OpenID Is for Showoffs

Although its proponents tout SSO as the most important feature of OpenID, the standard can be put to better use. The proofs in OpenID allow for a certain kind of interaction that is of great value on the Internet. Roughly, OpenID enables a person to demonstrate control over a given web property to a stranger (who understands OpenID). It’s a web version of showing someone you own a car by hitting the “unlock” button on your key fob. Although this might seem a high-tech form of showing off, it can also be used in reputation systems. For example, a user may demonstrate control over a dozen popular websites to gain access to an exclusive site. The user may also demonstrate ownership of a particular reputation (on eBay, for example).

OpenID not only demonstrates a relationship, but to a degree, projects the status of a relationship, because the demonstration is dynamic (not based on historical certification). Once a user can demonstrate control over a resource (such as reputation), the user can then offer it as collateral in forming a new relationship. Accordingly, in the hands of astute architects, OpenID may be used to reduce risk in relationships. (For more information, see the post “Law of Relational Risk” on the Burton Group Identity and Privacy Strategies blog.)

In short, OpenID may be a convenient, scalable way to project high quality signals to perfect strangers. (For background on the topic of signaling, have a look at the work of Judith Donath). Using OpenID in this way may also satisfy the need for multi-factor identity that I pointed out in my post on the law of relational risk:

… single sign-on (SSO) efforts are often misguided. In the interest of promoting relational continuity, the more authenticated connections the better—particularly if the user can parlay these authentications into improved reputation. Recognition of participants based on multiple channels of connectivity would be the method for improving identity assurance rather than on a single login event.

To me, these are important elements for creating functional online relations and societies. At Catalyst, we’ll be proposing other pieces of a technical architecture to support relational and social processes important to social trust. So if you have any thoughts on the subject, please drop a comment on this post!

[posted by Mike Neuenschwander]

Previous posts on laws of relation describe the dynamics of parties within a relation. But how do discrete relations combine to form complex structures, such as cultures and societies? In this post, I propose the Law of Relational Projection—a postulate on how relations relate to each other. For relations to inter-relate, there must be some notion of a boundary between relations and a theory for how loosely connected relations can coordinate activities.

The Law or Relational Projection
The law of relational projection distinguishes between parties directly involved in a relation from parties with only informational interest—let’s call the latter “observers” for now. Inter-relational dynamics are primarily based on informational projection, by externalizing information about the state, nature, longevity, and outcome of the relation. So the law of relational projection is this:

Any party with more than an informational interest in a relationship is a participant in the relationship.

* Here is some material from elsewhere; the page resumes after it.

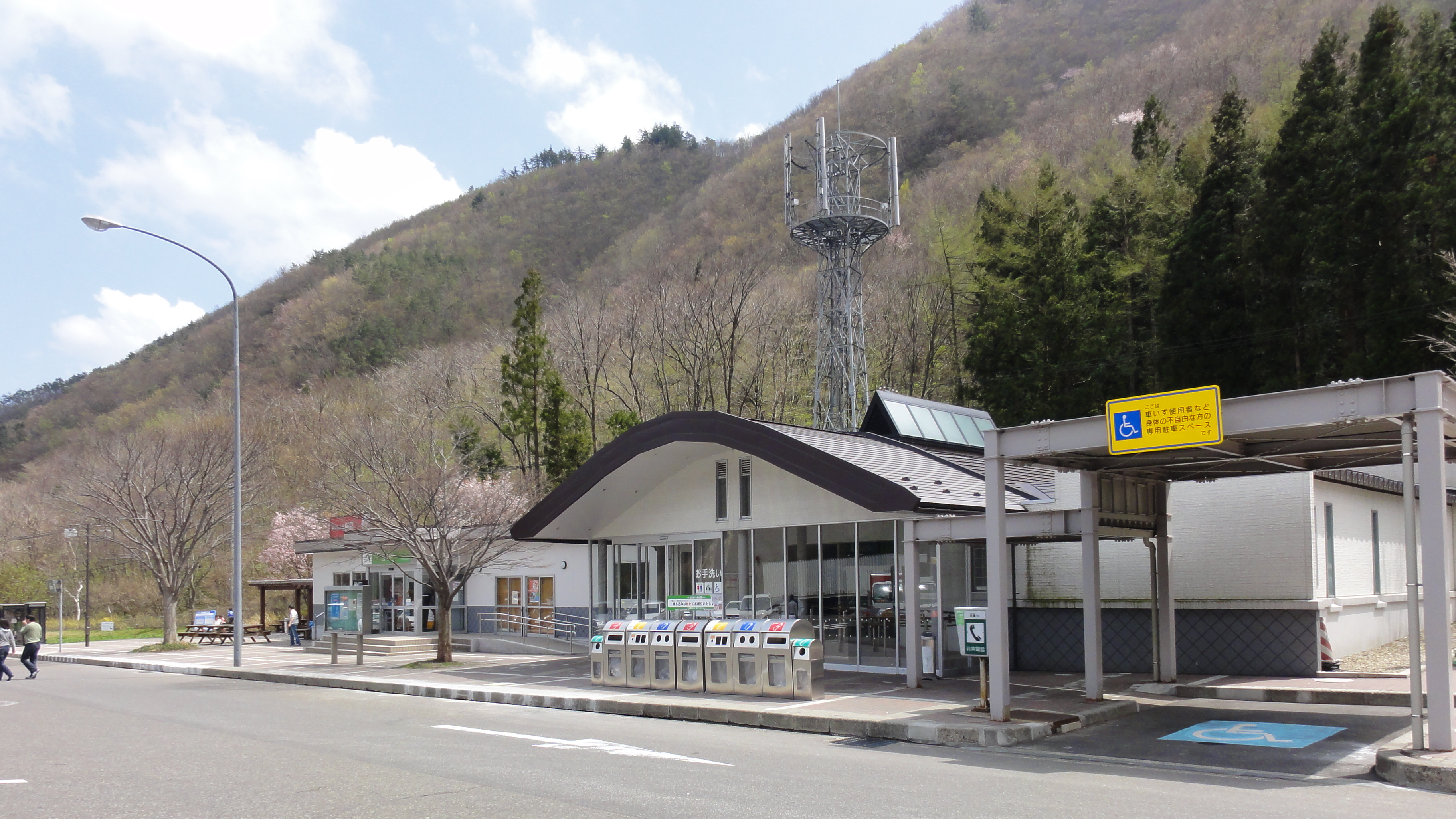 Furuseki Parking Area,Miyagi prefecture, Japan

Why does this distinction between observers and participants matter? Is the role of the observer so different from the roles of participants? After all, observers can influence the relation they’re observing, too—so why not treat them as the same class as the participants? The answer is that observers and participants present vastly different risks to the relation. The law of relational risk states that participants lose their contribution to a relation if the other parties don’t respond in kind. But this dynamic doesn’t hold true for observers. Because relations can exist with only loose dependencies on observers, the costs of observation are low and don’t require observers to ante up or participants to match relational contributions. But note that the law of relational projection requires that, to be an observer, a party must maintain only informational interest in the proceedings; conversely, at the moment parties interact with other participants they transition from an observer role to a participant role.

To draw a cryptic analogy to atomic theory, relational mechanics involve a kind of “strong force” (which governs the behavior of particles in very close proximity to one another, such as within the nucleus of an atom) whereas inter-relational bodies, such as observers, are influenced by something analogous to the electromagnetic force (which applies to particles outside the grasp of the strong force). For completeness sake, perhaps the gravitational force is something on a macro scale—such as how societies interact—but that’s beyond the scope of this post. Relations, like elements, therefore have a way to influence each other and to combine to form complex structures through projection of information.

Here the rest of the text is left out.